Fazli was summoned to the conservative-dominated parliament to answer questions regarding the enforcement of Iran's obligatory Islamic dress code, which requires women to cover their hair and bodies.
Iranian Interior Minister Abdolreza Rahmani Fazli
Lawmakers questioned Fazli specifically about the form-revealing leggings, which hard-liners have criticized as a symbol of decadent Western culture.
"Why is the Interior Ministry indifferent to the phenomenon of women who wear supports in Tehran and other cities?" lawmakers asked the official.
Fazli was also asked why a "small budget" designated for enforcing the dress code had been eliminated.
He responded by saying that the Interior Ministry is just one of 22 entities responsible for enforcing a law requiring women to wear the Islamic hijab, which became obligatory following the 1979 revolution and the creation of the Islamic republic.
During the past three decades, the clerical establishment has used force and cultural measures to compel many women to wear the hijab.
Women watching the debate from Parliament viewing section
'National Security Issue'
Fazli said his ministry is actively working on the issue, which he said could not be solved in the short term.
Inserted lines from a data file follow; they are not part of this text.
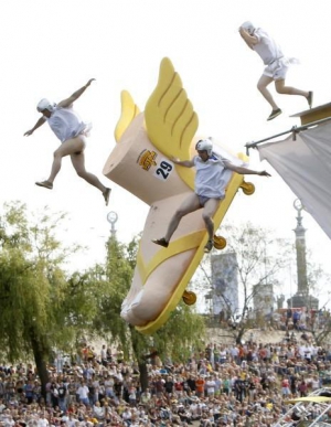 На Русановском канале в Киеве состоялся День безумных полетов "Ред булл флюг таг". 20 команд летали над водой на самодельных аппаратах в форме сельского туалета, жестянки, кочана кукурузы, сигары, авто. Их отобрали из 400 участников, которые подали заявки на участие в соревновании два месяца назад.
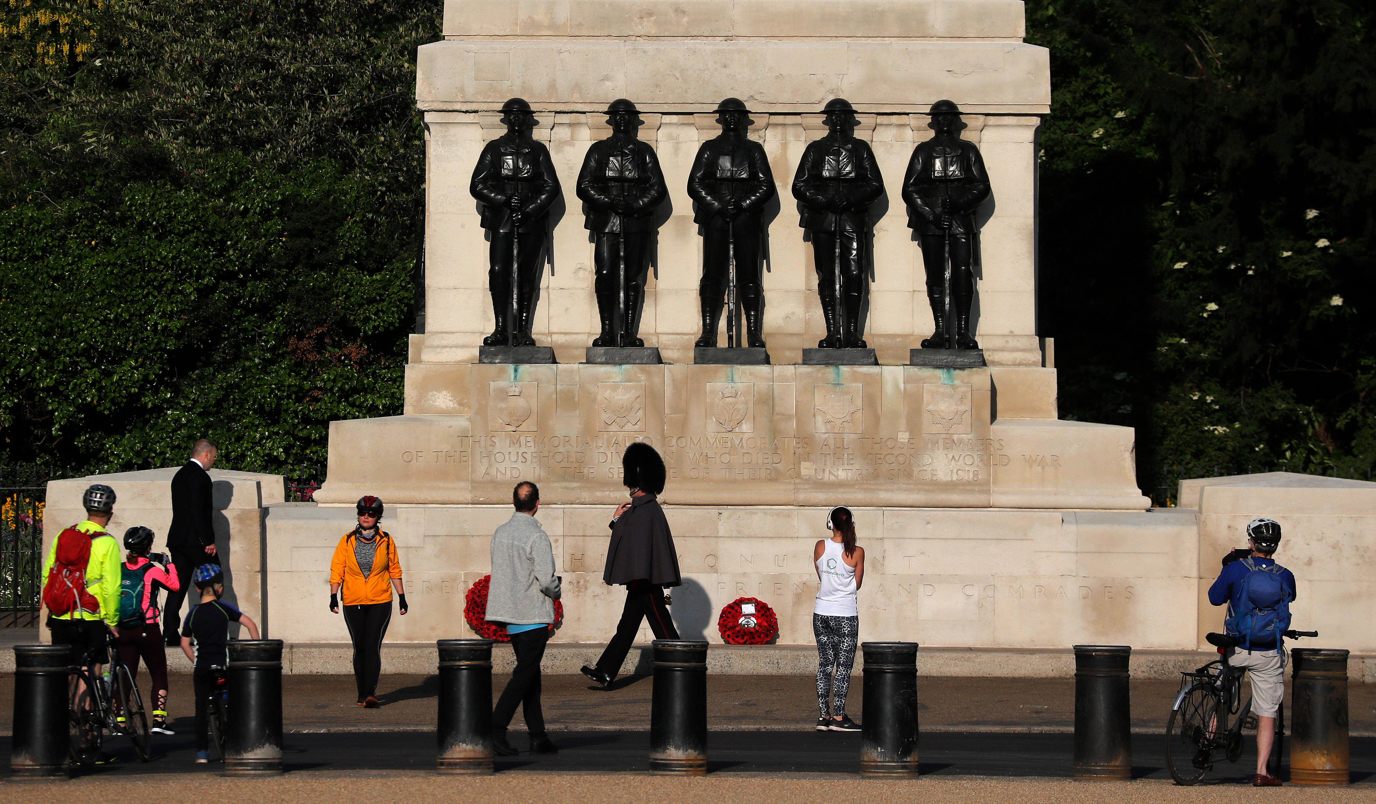 | The Red Arrows fly over an empty central London to celebrate the 75th anniversary of VE Day. |
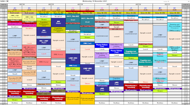 Bei SANS-CM, der Spaceflight-Associated Neuro-Ocular Syndrome Countermeasures study, werden sechs Unterdruckkammern eingesetzt, in denen die Probandinnen und Probanden mit der unteren Körperhälfte für täglich sechs Stunden liegen. Ziel ist es, die durch die Kopftieflage in die obere Körperhälfte verschobenen Körperflüssigkeiten wieder in die Beine und Füße zu „saugen“, damit eine durch den höheren Hirndruck entstehende Problematik an den Augen von Raumfahrenden verhindert werden kann. Langfristig könnte daraus eine neue Gegenmaßnahme für den Einsatz im All entwickelt werden, denn eine ähnliche Problematik entsteht auch bei Astronautinnen und Astronauten.
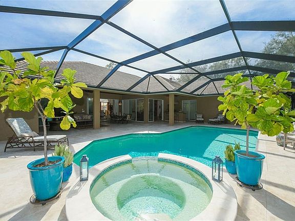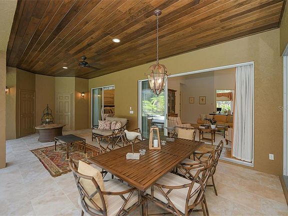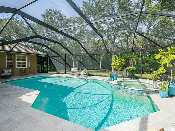 A stunning statement of refinement and comfort, this impeccably designed and COMPLETELY RENOVATED estate home is situated on a quiet cul-de-sac adjacent to the Palm Aire Country Club on nearly an acre homesite. Rich with architectural details and exquisite finishes including custom built-ins and moldings, this Najjar built masterpiece is further enhanced with a fabulous open layout and an elegant balance of formal and casual spaces. Entertain in style from the living and dining rooms and effortlessly refine your favorite recipes in the updated kitchen, with a separate beverage area. The large island with seating unites with the family room which includes custom cabinetry, gas fireplace and double desk/office/homework nook. Privately located, the spacious master wing showcases rich wood floors, 2 spacious fully outfitted walk-in closets and sliders to the lanai, while the master bath offers dual vanities, garden tub, large walk-in shower and beautiful marble detailing.to complete the serene feel. There are 2 additional spacious guest suites with fully renovated ensuite baths as well as an office/den and large laundry/craft room with built-in desk and cabinetry. The outdoor living area features a NEW TRAVERTINE DECK, an inviting and expansive HEATED SALTWATER POOL & SPA that was redone in 2018, stunning OUTDOOR KITCHEN with LYNX GRILL, vented hood and handmade tiling, wood paneled ceiling treatments, outdoor shower, cabana bathroom and air conditioned pool storage room. Enjoy the private setting from your CLEAR VIEW BRONZE CAGE while overlooking the lushly landscaped yard with mature oaks, FRUIT TREES (lemons, limes, clementines, plantains and bananas), gazebo and 10'+ privacy berms on all sides, as well as an expansive dog friendly fenced yard, creating the perfect sanctuary and the ultimate in resort style living. Additional features include a 4 CAR GARAGE with extra storage, 2 Trane A/C units with HEPA filtration systems, NEW ROOF with hand honed custom tiles, FOAM INSULATED ROOF/ATTIC and NEWER WATER HEATER (2015). With top rated public schools, competitively priced private schools, LOW TAXES, NO CDD fees, LOW HOA and NO required Country Club membership, as well as easy access to all Sarasota has to offer and airports in both Sarasota and Tampa, this move-in ready home is not to be missed!

Budgetary funds have been allocated to promote the hijab, he added.
The interior ministry has taken several measures to encourage the Islamic dress code, including the creation of nongovernmental organizations and dress-code supervision at department stores, airports and student dormitories, Fazli said
Iranian media reported that the official did not manage to convince lawmakers, who proceeded to issue him a warning -- or a "yellow card" in soccer parlance.
Lawmaker Ali Motahari said women who wear leggings should not be allowed into official buildings.
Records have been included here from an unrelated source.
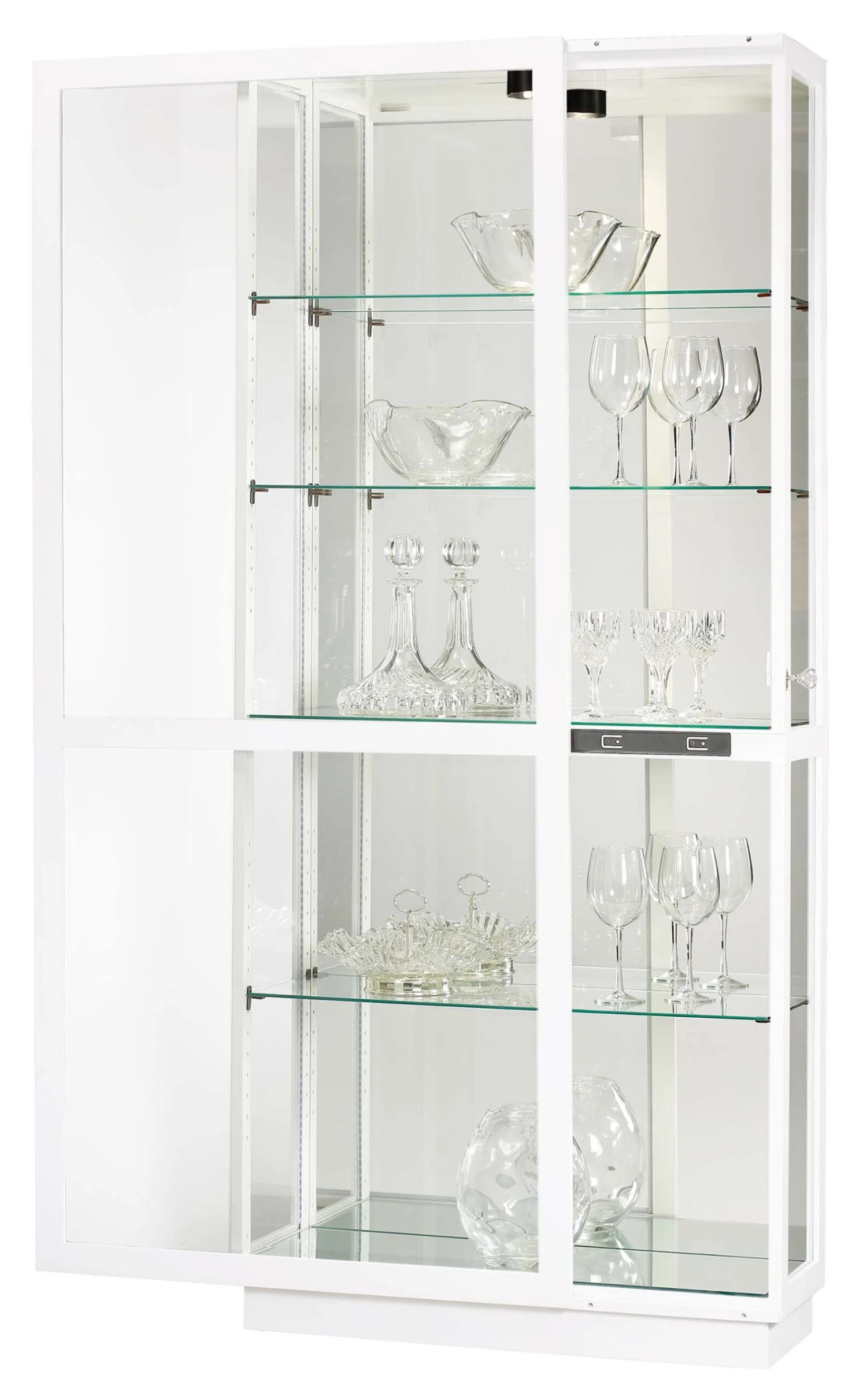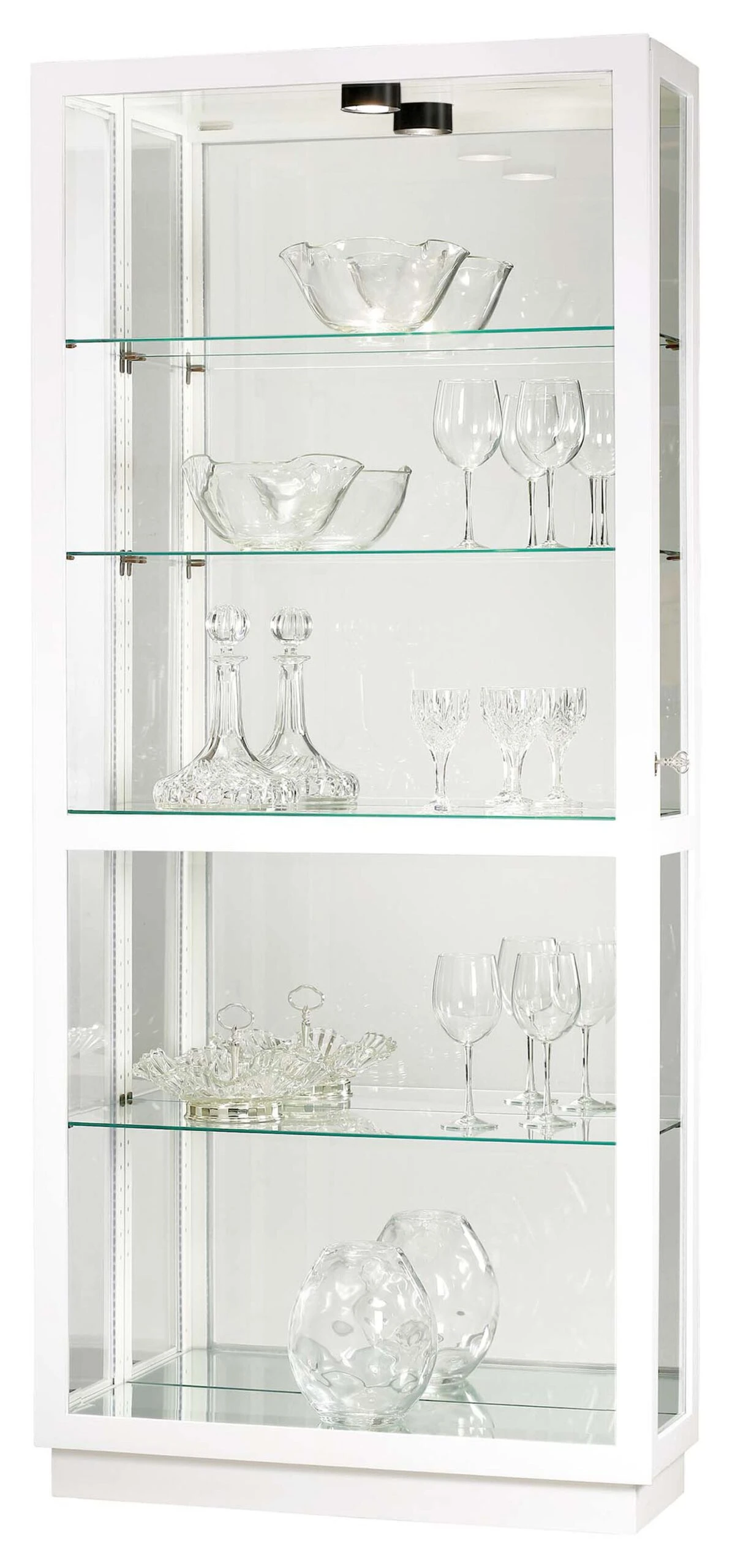 The Jayden IV Curio Cabinet by Howard Miller has a hand-rubbed gloss white finish. Beveled glass. Locking front slide door. No Reach roller light switch with LED lighting. Glass mirrored back. Four adjustable shelves, five levels of display. Pad-Lock metal shelf clips. Adjustable floor levelers. Made in the USA.
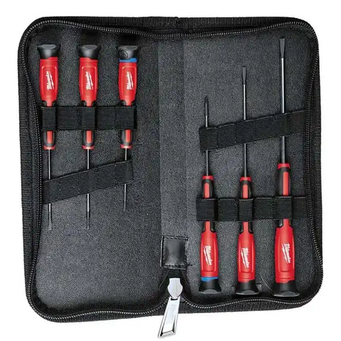 Milwaukee Precision är ett precisionsskruvmejselset innehållandes 6 stycken skruvmejslar med förkromade skaft som ökar verktygets livslängd genom att minska korrosion. Skruvmejslarna har fått ett förängt skaft för förbättrad sikt och utökad räckvidd. Levereras i ett hållbart fodral med robust blixtlås för säker lagring av verktygen.
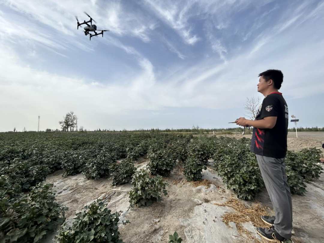 “早在2021年项目刚开始时,当地的种植户根本不相信我们两个人能管理3000亩地。”艾海鹏告诉记者,以往的棉花种植,3000亩地的耕种管收通常需要雇用15—20个工人,现如今,“我们利用遥感无人机、农业无人机、农业物联网等软硬件设施,基本上实现了机器替代。”
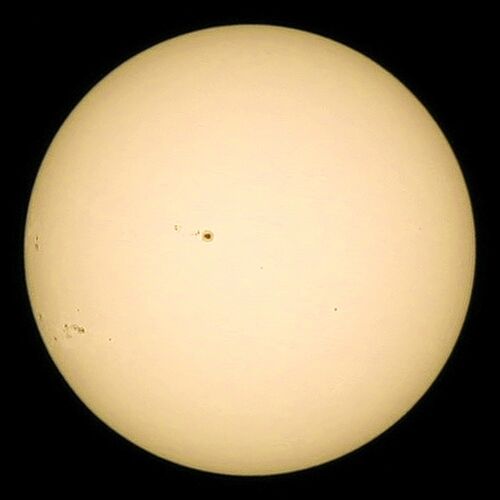 5日ぶりに太陽を撮影。 EOS60Da+EF70-300mm F4-5.6ISⅡUSM(@300mm)+ND10000太陽撮影用フィルター(コレ無しでは危険!) 前回の撮影時、左端に見え始めた黒点が太陽の自転で中央付近に見えるようになりました。割と大きい感じです。南東(左下)の端からは小粒…

Motahari claimed that a majority of Iranian women have accepted the hijab but that there are "rare" exceptions that threaten the foundation of families.
"It is the government's duty to act against clear sins. The government should prevent support clothing from being promoted," Motahari was quoted as saying by the semi-official news agency ISNA.
Iranian news agencies reported that Motahari caused a commotion during the hearing when he used large monitors to display photographs of women wearing leggings.
Motahari reportedly reacted by saying that lawmakers appeared to enjoy viewing the pictures.
Commenting on the debate in the parliament, a Tehran-based woman wrote sarcastically on Facebook that leggings are becoming a "national security issue" in the Islamic republic.
"Forget the nuclear issue, poverty and inflation, and the advances of ISIL [the Islamic State in Iraq and the Levant]. Support pants are the priority for our lawmakers."